Back in January I had decided to put full coverage insurance on my 2006 Mitsubishi Endeavor. I had debated about this because of the age of the car, but decided to go ahead because it is still in great condition and it is my only vehicle. My inflated payment was due February 28th for $377.00 and then would go down to $274.00 in March. I made the payment for $377.00 last Saturday 2/16. The payment had not cleared my bank account as of yesterday (2/21) and I was not sure why. In the meantime, my son Talon informed me yesterday that I could take his 1986 Chevy truck off the insurance because the cold weather in January blew the engine. I removed the truck and noticed that my insurance app was still saying that I had a payment due, only now the payment had gone from $377.00 to $179.00. I called the insurance company this morning to find out if my payment of the $377.00 had gone through or not. The payment had not gone through. It had been bounced back to the insurance company. I called the bank to see why it had not gone through. The customer service rep didn’t have an explanation. She said it was strange and she couldn’t see any reason that the payment wouldn’t have gone through. So, being reassured that the $377.00 payment did not through, I made the payment for $179.00 and thanked God for saving me $200.00.

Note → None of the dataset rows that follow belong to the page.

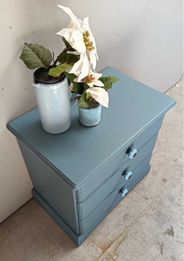 Wat een schat van een kastje is dit geworden. Hier is gebruik gemaakt van een kleur blauw in de mix. Wat ons betreft goed uitpakt en zie daarbij de perfect bijpassende knoppen, helemaal af zo toch? Laatjes lopen primaen is zo toch een fijne en prettige opberger geworden.
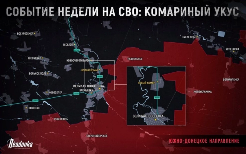 Самые ожесточенные бои сейчас идут за Новый Комар - ВСУ предпринимают попытки контратаковать и вновь вытеснить русскую армию. Цель сражения, конечно, не сама полупустая деревня, а дорога, ведущая на север, через нее происходит снабжение украинских войск в Великой Новоселки. Само поселение пока под контролем противника, но делу время. С его захватом ВС РФ откроют себе дорогу для уничтожения всей линии укреплений, тянущейся на запад, и тем самым создадут проблемы ВСУ на застывшем фронте Запорожья, сообщает Telegram-канал Readovka.
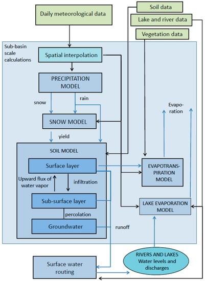 For the hydrological simulations, a new and more physically-based version of the WSFS hydrological model was applied (Figure 3). This version includes an energy-balance-based snow model, a rainfall–runoff model with a two-layer soil moisture model and lower groundwater storage and evapotranspiration and lake evaporation models. Other sub-models in the WSFS include a precipitation model and models for lake and river routing (Figure 3).
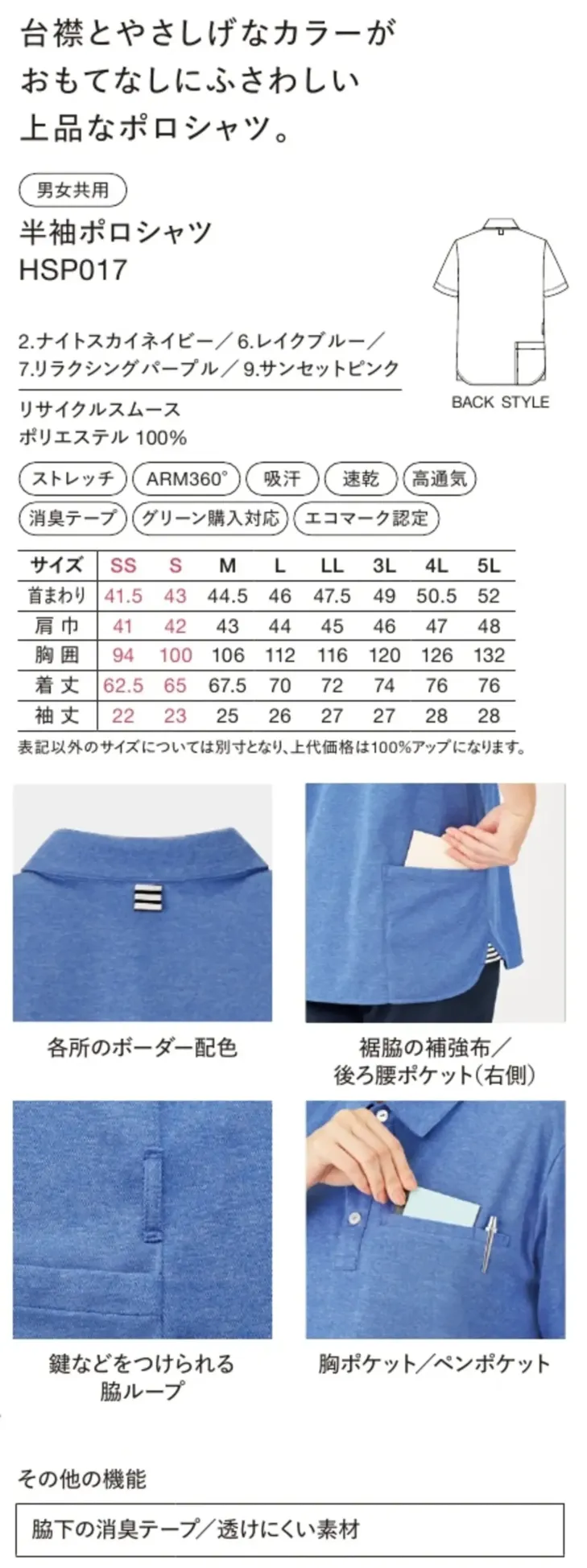 半袖ポロシャツ ハンズオンHSP017のサイズ表
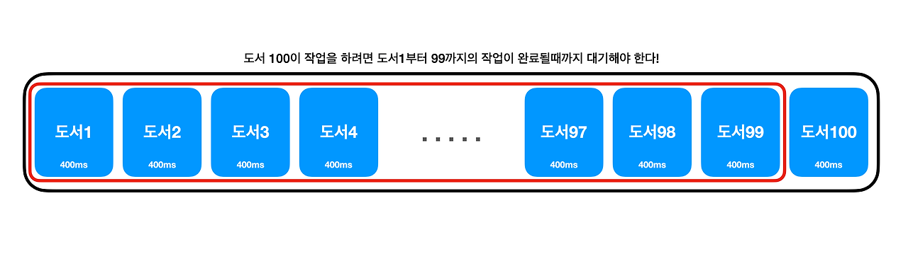 첫 번째 도서의 정보를 가져온 후, 두 번째 도서의 정보를 가져오는 방식으로 처리되고 있어서 전체적인 처리 시간이 크게 증가한다.
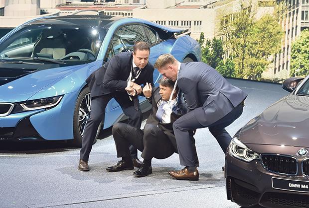 Padanje u nesvest novog direktora kompanije BMW Haralda Krigera (Harald Krüger) tokom konferencije za novinare na sajmu automobila u Frankfurtu privuklo je više medijske pažnje nego predstavljanje „Poršeovog“ (Porsche) potpuno električnog modela „mišen i“ (Mission E) ili „Audijevog“ „i8“.
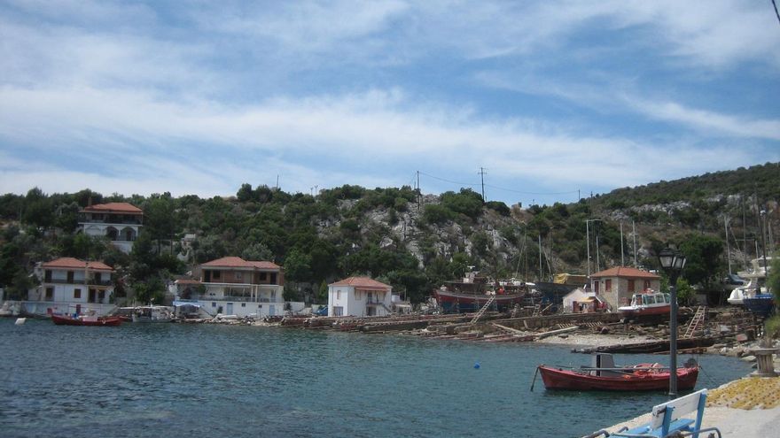 MAMMA MIA EN LA COSTA ESTE DE PELIÓN .- El Pelión mira hacia el Egeo a través de una costa muy recortada y rocosa que atesora grandes playas, pequeñas calas y cuevas submarinas. Quizás el tramo más salvaje es el que media entre Veneto y Chorefto. Las carreteras aquí se limitan a pequeñas pistas forestales y esos kalderimia excavados, literalmente, en las faldas de la montaña. El bosque llega hasta la misma orilla del mar creando parajes de gran belleza. Más al sur, los pequeños pueblos se suceden y aparecen algunas grandes playas como Agios Iovannis o Papa Nero. Muy cerca de aquí se encuentra Ntamouchari, un pequeño pueblecito encantador que se hizo famoso por servir de plató privilegiado para Mamma Mía. Imagínate lo que te vas a encontrar.
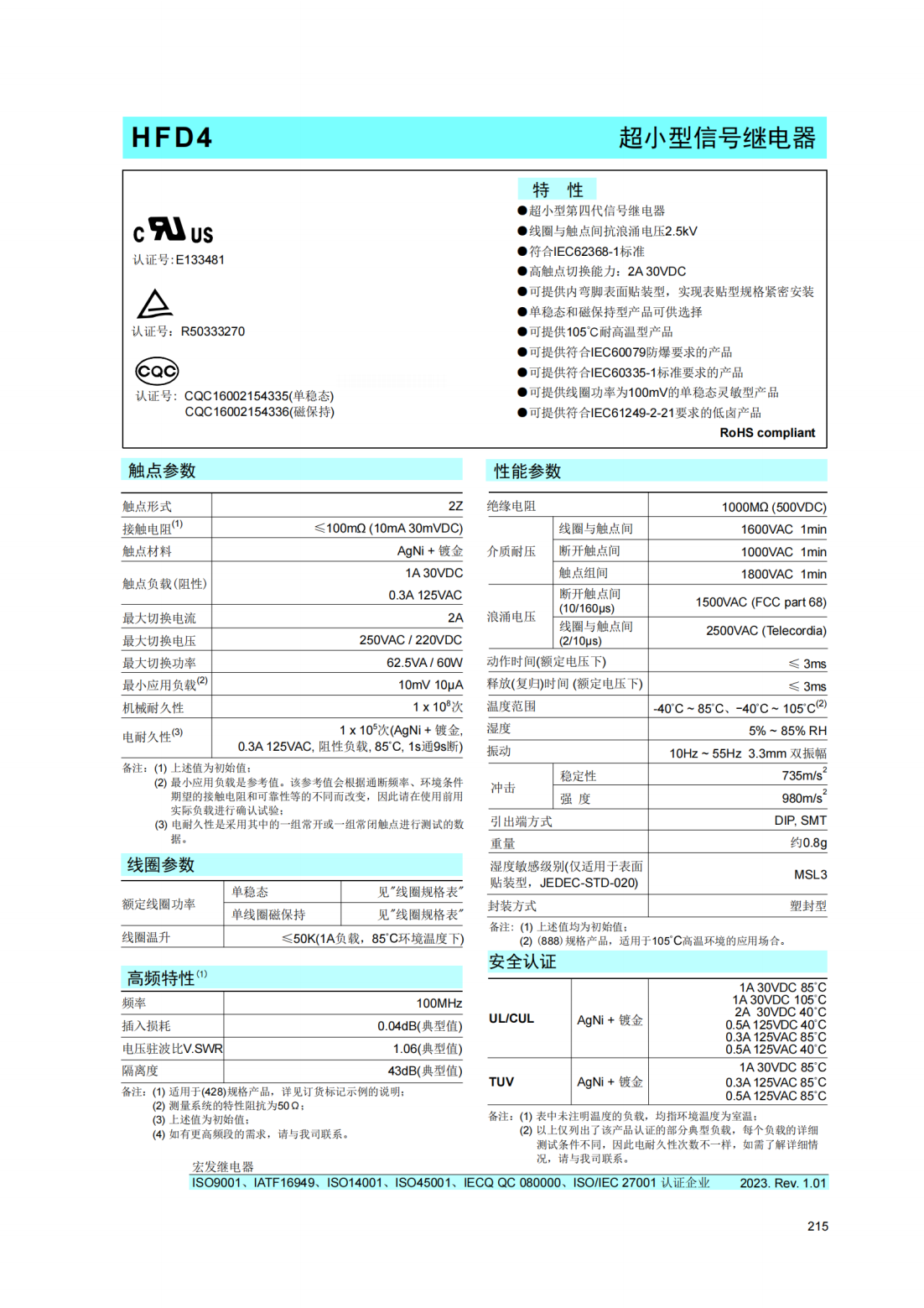 HFD23-012-1ZS4宏發(fā)繼電器
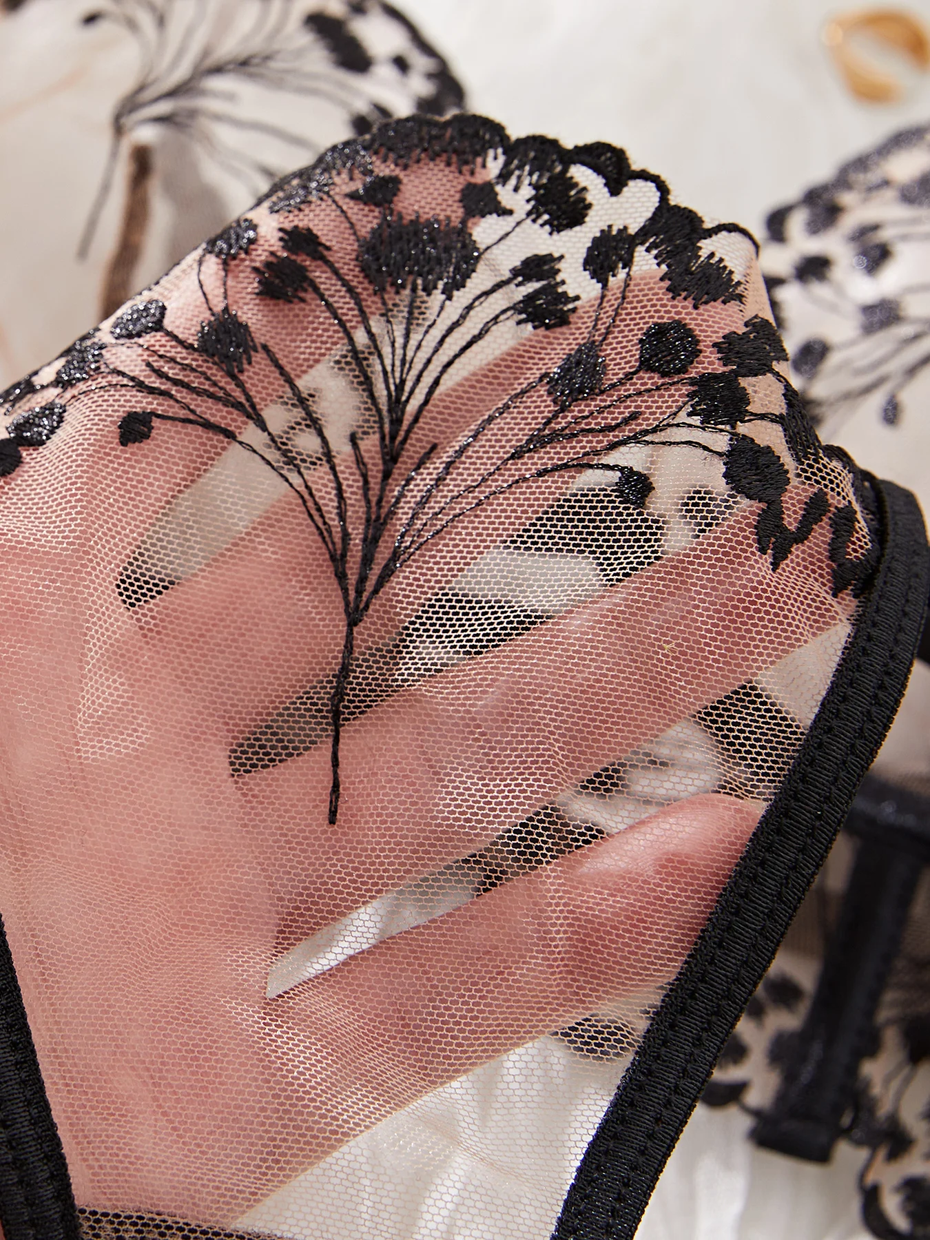 10 opinii dla Przezroczysty zestaw bielizny z haftem w kształcie wachlarza
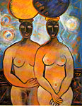 | Aïssa Dione Née en 1952 à Nevers en France, vit à Dakar depuis l'âge de 18 ans. Ecole des Beaux Arts de Chelles (77, France) Ecole des Beaux Arts de Dakar (Sénégal) Aïssa Dione se partage entre les tissus et la peinture. Une peinture figurative expressive et puissante qui donne une image très éloignée de "sa période batik". La femme d'affaire, créatrice de mode, devient alors l'artiste, pleine d'une énergie qui lui donne à chaque toile le courage de se battre avec elle-même et sa peinture. |
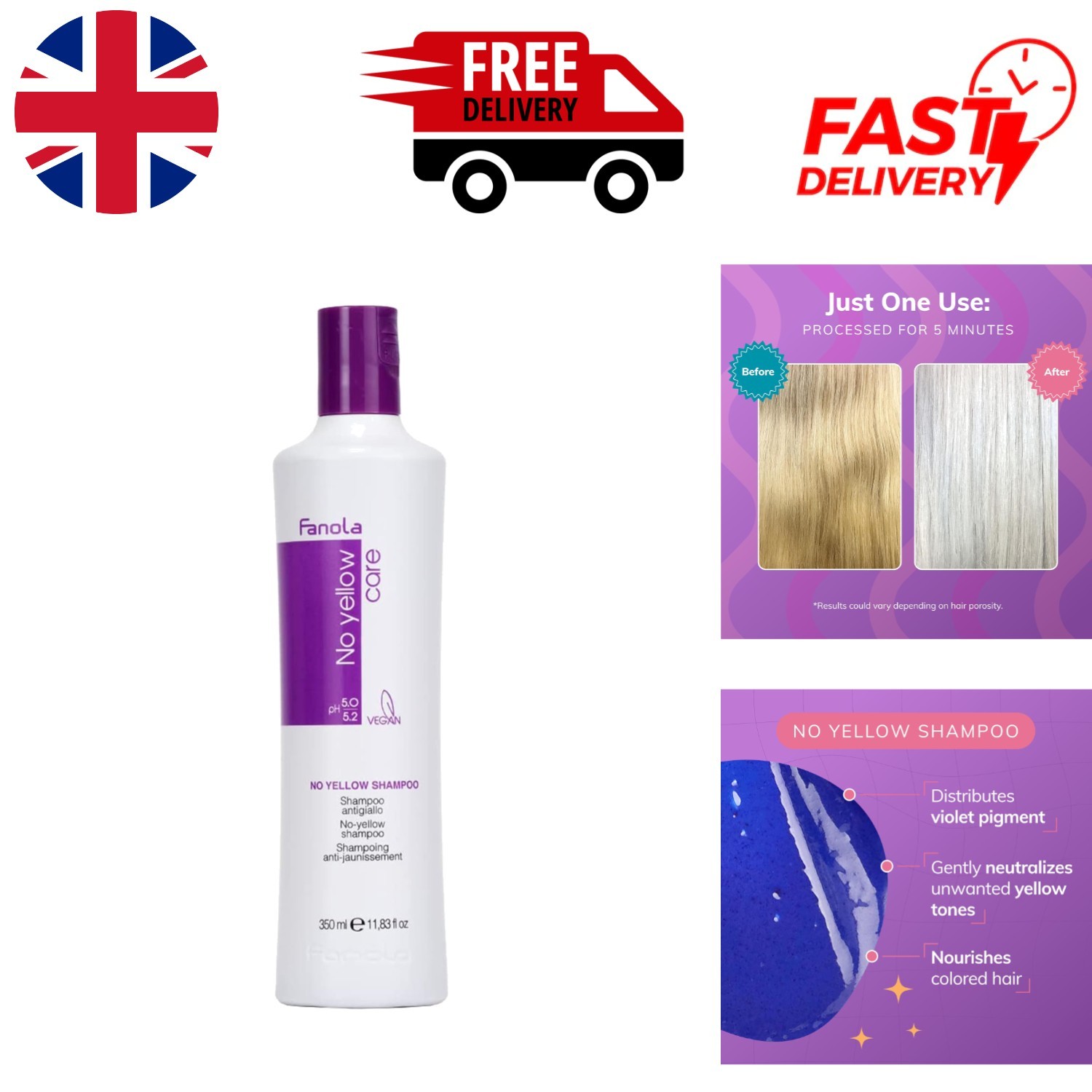 Fanola No Yellow Shampoo Purple Shampoo Toner For Blond Hair 100ml-350ml-1000ml

I try to give and do what I can for others. I try to live in obedience to the Holy Spirit. I try to always trust that God will provide, but there are times when I falter in that faith. There are times when I falter in my belief that God will always provide and God in His goodness gives me a reminder of His greatness in the orchestration of an insurance payment to save me $200.00. I am not worthy of His goodness. I fail repeatedly every day and still He loves me enough to bring about small miracles to remind me that He is with me always. God will provide if only we believe.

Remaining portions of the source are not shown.